How do bees build honeycomb?

Love that question, reader Buzz, even more than your highly creative “bee week” alias! Bee lovers have puzzled over that for millennia. How is it that such simple creatures can produce structures as architecturally complex as honeycomb, with its perfect rows of hexagonal cells? They must be geniuses, every one of them a Buckminster Fuller in miniature!

While it’s fun to think of bee hives as intelligent — complex structural-functionalist minds — the reality of honeycomb construction is really pretty simple. If you’ve ever seen any honeycomb on a hive frame, the cell walls on the outsides of comb masses are rounded. Which means the natural shape of a honey comb cell is round, not hexagonal. Bees build individual cells in a cylindrical shape using their bodies as a measure: head-to-stinger for the length of the cell, and their heads for the width.

They scrape off flakes of wax from their abdomens, chew it up to soften it, then apply it in layers of a startlingly uniform thickness, around and around until the cell is finished. Once it’s complete natural physical forces take over and steadily press the soft wax cylinder into a hexagon. How does this happen? Well if you’ve ever put several eggs yolks into a small bowl you’ve noticed how they take on geometric shapes when they’re pressed together (as they seek the most efficient possible shapes). Physics is cool.

What forces within the hive act on the hive walls?
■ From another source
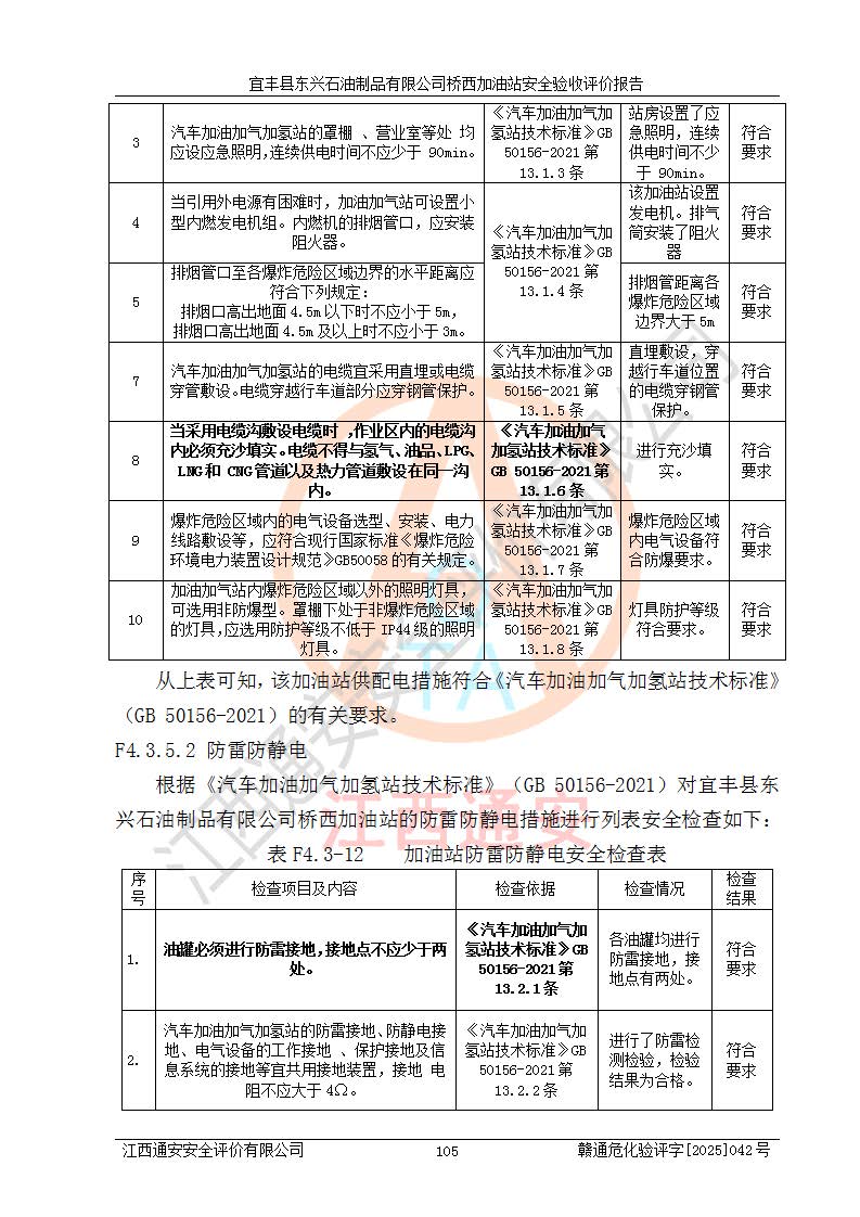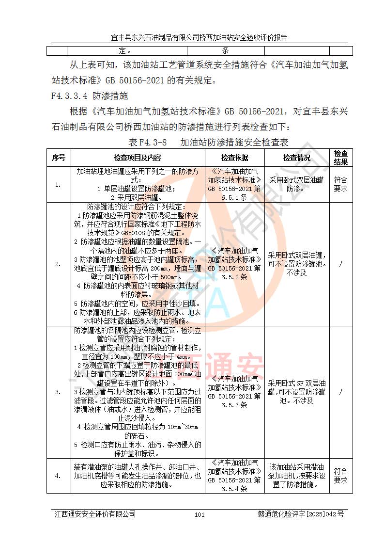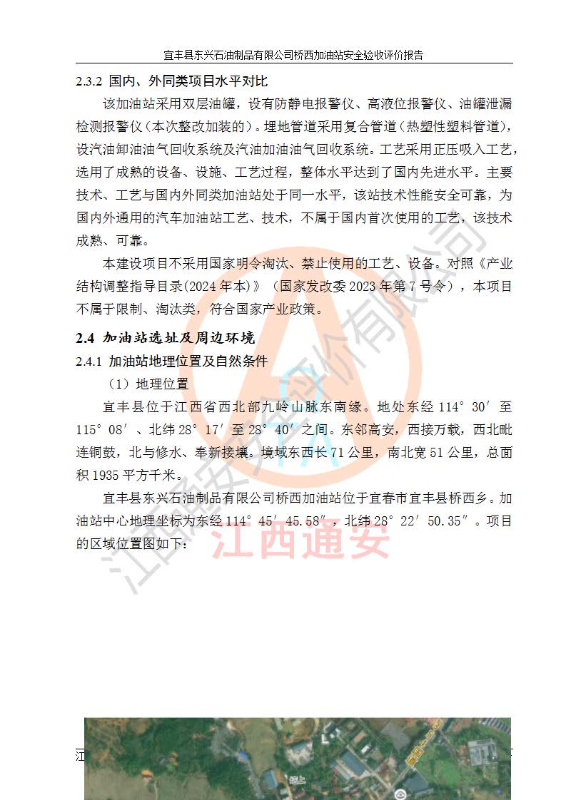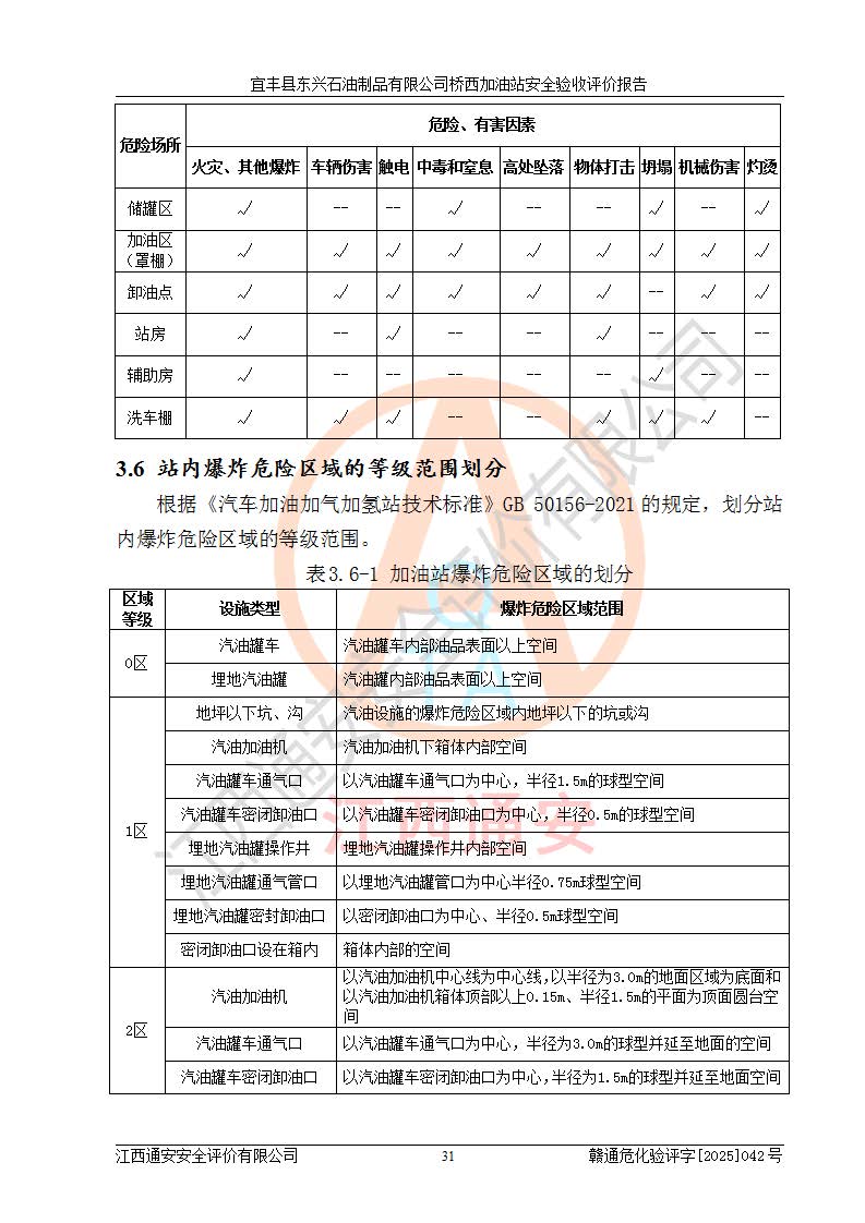 項(xiàng)目簡(jiǎn)介 | 宜豐縣東興石油制品有限公司橋西加油站(以下簡(jiǎn)稱“該加油站”)成立于2001年10月23日,營(yíng)業(yè)場(chǎng)所位于宜春市宜豐縣橋西鄉(xiāng),法定**人為張凱軍。該加油站統(tǒng)一社會(huì)信用代碼為91360924731962916E,屬于有限責(zé)任制公司分公司(自然人投資或控股)。經(jīng)營(yíng)范圍:汽油、柴油、潤(rùn)滑油、煤油零售,煙、預(yù)包裝食品零售。 該加油站油罐區(qū)設(shè)有4個(gè)埋地臥式儲(chǔ)罐,其中1臺(tái)50m3的0#柴油儲(chǔ)罐,1臺(tái)50m3的92#汽油儲(chǔ)罐,1臺(tái)30m3的92#汽油儲(chǔ)罐,1臺(tái)30m3的95#汽油儲(chǔ)罐,柴油罐容積折半計(jì)入油罐總?cè)莘e,折算后總?cè)莘e為135m3,屬于二級(jí)加油站,站內(nèi)設(shè)有油氣回收系統(tǒng)。油罐采用直埋鋪設(shè),并設(shè)抗浮基礎(chǔ)。加油區(qū)設(shè)4個(gè)加油島,采用4臺(tái)雙槍加油機(jī)。該加油站于2023年2月9日經(jīng)宜豐縣應(yīng)急管理局核準(zhǔn),換發(fā)了新的《危險(xiǎn)化學(xué)品經(jīng)營(yíng)許可證》,證書(shū)編號(hào):贛宜安經(jīng)油字[2022]36092402號(hào),許可范圍:汽油、柴油。**期限為2022年9月12日至2025年9月11日。 根據(jù)《危險(xiǎn)化學(xué)品安全管理?xiàng)l例》(經(jīng)***令第344號(hào)發(fā)布,***令第591號(hào)、***令第645號(hào)修改),《危險(xiǎn)化學(xué)品經(jīng)營(yíng)許可證管理辦法》(2012年7月17日**安全生產(chǎn)監(jiān)督管理總局令第55號(hào)公布,自2012年9月1日起施行;根據(jù)2015年5月27日**安全生產(chǎn)監(jiān)督管理總局令第79號(hào)修正)等法律法規(guī)及文件要求,該加油站的危險(xiǎn)化學(xué)品經(jīng)營(yíng)許可證三年**期即將到期,需要重新進(jìn)行安全現(xiàn)狀評(píng)價(jià)。由于該加油站2013年建成投運(yùn),安全設(shè)施“三同時(shí)”資料不全,根據(jù)《江西省應(yīng)急管理廳辦公室關(guān)于規(guī)范危險(xiǎn)化學(xué)品經(jīng)營(yíng)許可工作的通知》(贛應(yīng)急辦字〔2025〕58號(hào))等要求,危險(xiǎn)化學(xué)品經(jīng)營(yíng)企業(yè)應(yīng)在一個(gè)延期換證周期內(nèi)進(jìn)行安全設(shè)計(jì)診斷,并根據(jù)診斷結(jié)論開(kāi)展安全設(shè)施設(shè)計(jì)整改,驗(yàn)收通過(guò)后方可延期換證。該加油站于2025年6月委托黑龍江龍維化學(xué)工程設(shè)計(jì)有限公司(具有化工石化醫(yī)藥行業(yè)專業(yè)**工程設(shè)計(jì)資質(zhì))編制了《宜豐縣東興石油制品有限公司橋西加油站安全設(shè)計(jì)診斷報(bào)告》,并通過(guò)了專家評(píng)審。根據(jù)該安全設(shè)計(jì)診斷報(bào)告提出的安全隱患及整改建議,該加油站及時(shí)進(jìn)行了整改,目前已整改到位,具備安全設(shè)施驗(yàn)收條件。

Gravity mostly, since the cells get heavy as they fill up with brood, pollen and honey and the weight from above presses down on the cells below (comb slopes gently downward on hive frames for the same reason). All the bees’ tromping around on the cells probably also has an effect. Of course all this is to take nothing away from the genius of the bee, mind you. As a guy with a philosophy degree I’ll never fully rule out the idea of the complex structural-functionalist mind. It’s just too appealing. Still, nice to know that even in the bee world some things just take care of themselves.